On Christmas Day in Macaé, Rio de Janeiro, Brazil, the kitchen was the gathering place for Thailine Kolb, her cousins, her mother and her aunts. While the children ran around, the women, dressed in matching aprons, prepared a holiday dinner. Mrs. Kolb remembers sprinkling salt on dishes and mashing pounds of yuca for one of her favorite holiday dishes: purê de mandioca, or yuca purée.
But now, about a decade since she moved to the United States, this purée has a deeper meaning on her Thanksgiving table, representing her culture amid the dishes of her husband’s family. Not only is it an easy substitute for mashed potatoes, it’s a natural way for her to incorporate her country’s flavors, like many other immigrants do, on the holiday.
“I like the taste better,” said Mrs. Kolb, 33, of New Haven, Conn. When she started making the dish five years ago for Thanksgiving with her then-boyfriend’s family, she would call her mother, Liomar dos Santos Paula Araujo, in Brazil, who taught her how to boil, mash and make the yuca rich with butter and milk over the phone.
Yuca, the root of the cassava plant, can be found in many of the country’s dishes. Once its tough outer bark is peeled away, the starchy white flesh within can be boiled, mashed, fried like a French fry or even used as a flour.

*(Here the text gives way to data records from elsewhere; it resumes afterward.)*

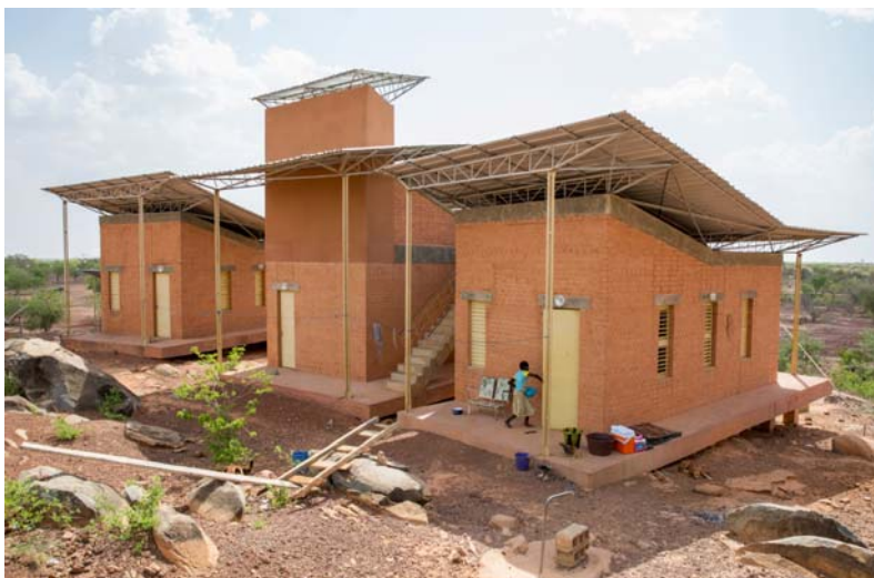
Francis Kéré Wohnanlage im Operndorf, Laongo, Burkina Faso, 2016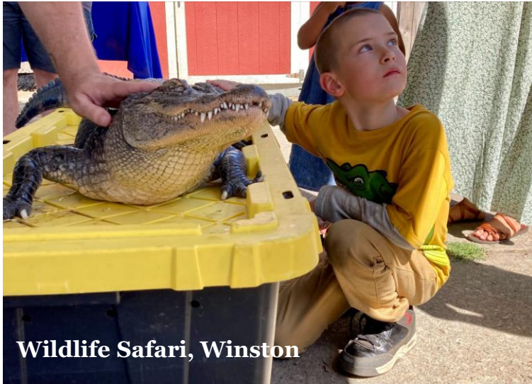
Wildlife Safari, Winston

Research shows that these programs narrow the opportunity gap experienced by marginalized youth and ultimately mitigate related educational disparities.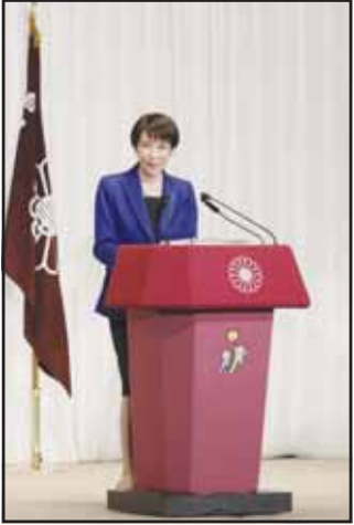
Japan’s Prime Minister Sanae Takaichi, leader of the ruling Liberal Democratic Party (LDP), speaks during her press conference on Feb 9 in Tokyo.

TOKYO, Feb 10, (Xinhua): Japan will convene a special parliamentary session on Feb. 18 to choose the prime minister following Sunday’s House of Representatives election, local media reported Tuesday. According to Jiji Press, the Japanese Constitution stipulates that an extraordinary Diet session must be convened within 30 days after a House of Representatives election to designate a prime minister. On the opening day of the session, the incumbent cabinet will collectively resign. The newly elected House of Representatives and the current House of Councillors will then vote separately to designate a new prime minister, who will subsequently form a new cabinet. In the prime ministerial designation election, a candidate who secures a majority in the first round of voting in each chamber wins outright. If no candidate obtains a majority, the top two vote-getters advance to a runoff, with the winner decided by a simple majority. If the two chambers designate different candidates and fail to agree after consultations, the Constitution stipulates that the decision of the powerful House of Representatives shall prevail. Given that the Liberal Democratic Party (LDP) currently holds more than two-thirds of the seats in the lower house, Japanese media believe that LDP President and Prime Minister Sanae Takaichi is all but assured of victory in the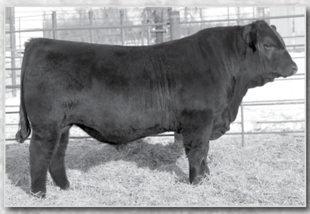
LRSF LRL VINTAGE E84 Sells as Lot 19.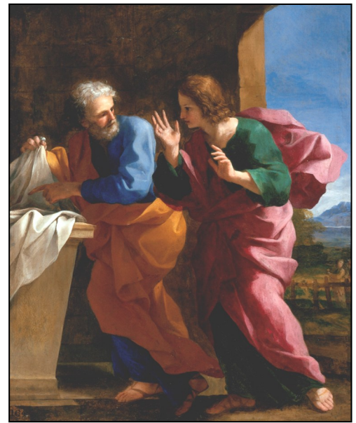
St. John and St. Peter at Christ's Tomb, by Giovanni Francesco Romanelli

At daybreak on the first day of the week the women who had come from Galilee with Jesus took the spices they had prepared and went to the tomb. They found the stone rolled away from the tomb; but when they entered, they did not find the body of the Lord Jesus. While they were puzzling over this, behold, two men in dazzling garments appeared to them. They were terrified and bowed their faces to the ground. They said to them, "Why do you seek the living one among the dead? He is not here, but he has been raised. Remember what he said to you while he was still in Galilee, that the Son of Man must be handed over to sinners and be crucified, and rise on the third day." And they remembered his words. Then they returned from the tomb and announced all these things to the eleven and to all the others. The women were Mary Magdalene, Joanna, and Mary the mother of James; the others who accompanied them also told this to the apostles, but their story seemed like nonsense and they did not believe them. But Peter got up and ran to the tomb, bent down, and saw the burial cloths alone; then he went home amazed at what had happened.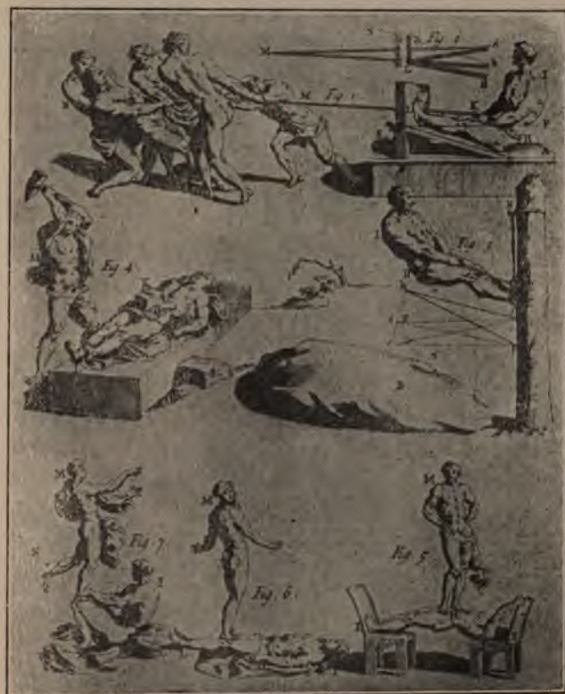
FEATS OF STRENGTH (Plate 19)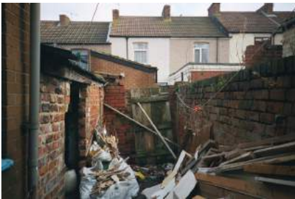
The property in 2000.

This property is a shining example of the Trust achievements and shows just far the Trust has come in 18 years.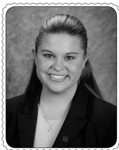
Coral Springs, Florida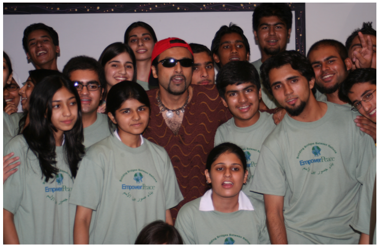
▲ International Rock Star & Empower Peace host Salman Ahmad enjoys a moment with his fans.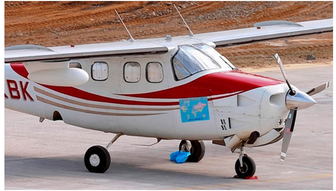
Cessna P210 HeatShield Set

The crop likely originated in Brazil and was a staple for Indigenous people living in the Amazon Basin and the foothills of the Andes Mountains, said Darna L. Dufour, a retired anthropology professor at the University of Colorado, Boulder.

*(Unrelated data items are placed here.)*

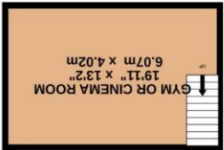
BASEMENT 253 sq. ft. (24.4 sq.m.) approx.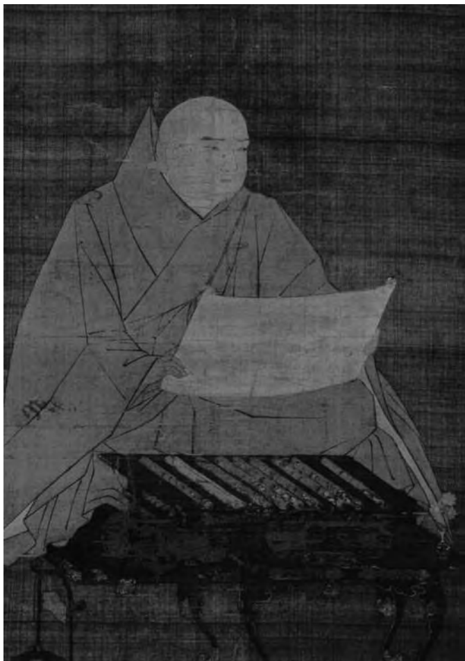
Nichiren (1222–82) reading a sutra from a scroll (thirteenth century)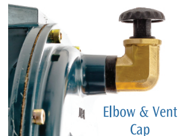
Elbow & Vent Cap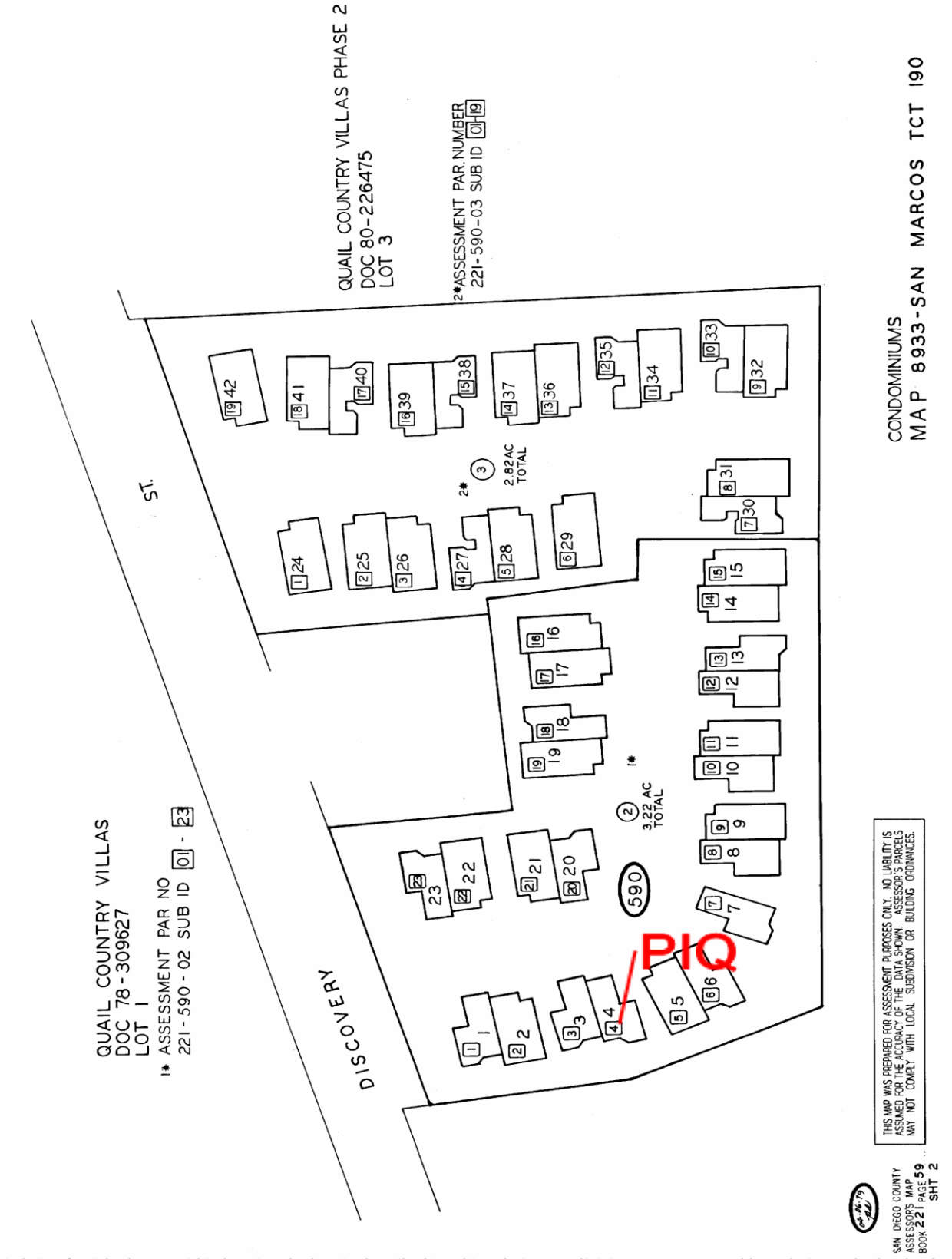
This map/plat is being furnished as an aid in locating the herein described Land in relation to adjoining streets, natural boundaries and other land, and is not a survey of the land depicted. Except to the extent a policy of title insurance is expressly modified by endorsement, if any, the Company does not insure dimensions, distances, location of easements, acreage or other matters shown thereon.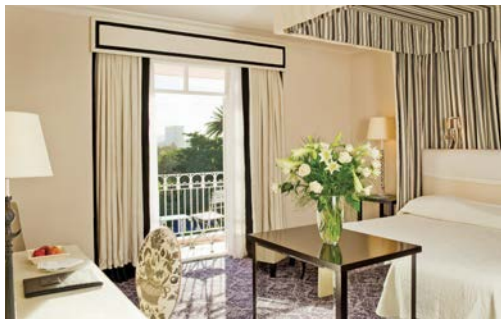
Belmond Mount Nelson Hotel | Cape Town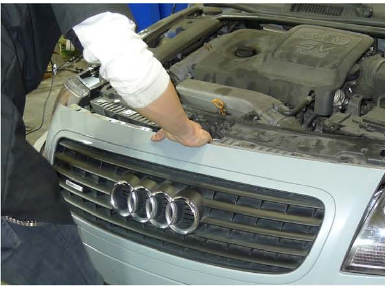
29. Replace the front bumper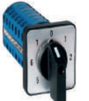
Position Rotary Switch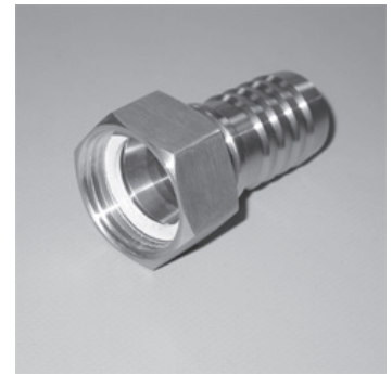
Schlauchtülle mit Überwurfmutter DIN ISO 228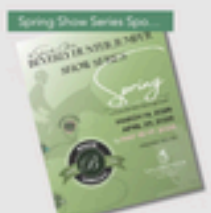
Ad in the Program - Half Page $150.00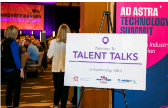
Talent Talk Showcases Future Career Opportunities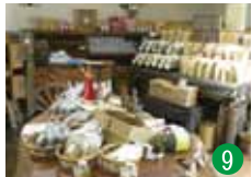
Wild grass tea Chamu

Lavender, amao strawberries, peaches and other seasonal soft ice creams are bestsellers! Nothing beats eating soft ice cream while viewing the Kuju mountain range.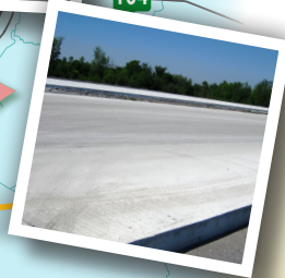
Preparation for installing the concrete for the pavement slabs between Rue Saint-François-Xavier and Autoroute 15.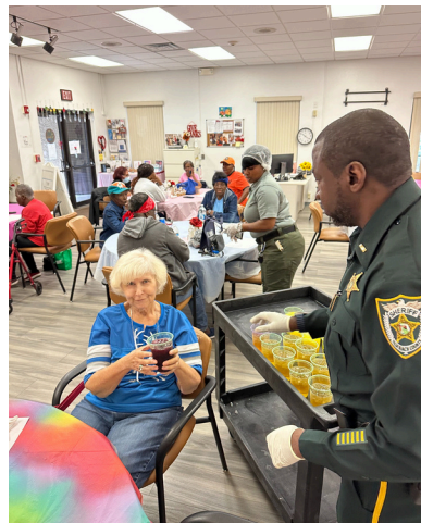
West County Super Bowl Brunch 2025 with PBSO West Detention Center

In the 16th century, Indigenous Brazilians taught the Portuguese how to prepare the root safely, said Seth Garfield, a Brazilian history professor at the University of Texas at Austin. (Its bark contains cyanide and must be removed before cooking.)
“It’s very much a part of Brazilian national identity as a food,” Dr. Garfield said.
The food blogger Aline Shaw has incorporated dishes that were “emotionally important for everyone participating” in her American Thanksgivings with family and friends. For her, that dish is purê de mandioca, something she also learned to make with her mother in Brazil. She remembered watching her mother peel and cut the yuca, unintimidated by its preparation. She’d break open pieces of yuca with her hands and peel its outer bark with only a small paring knife.
For Ms. Shaw, 38, who lives in Dallas, that work was a labor of love. And as a culinary school graduate accustomed to cooking other people’s cuisines, she loves to share her culture at the table. She even wrote about her mother’s recipe around Thanksgiving on her blog, Brazilian Kitchen Abroad, so that people could try something new.
“I’m always eating other people’s foods, so I always make it a point to make something Brazilian,” she said, adding that Thanksgiving is “a great opportunity for people to venture out of the norm, especially in a country with so many cultures living together.”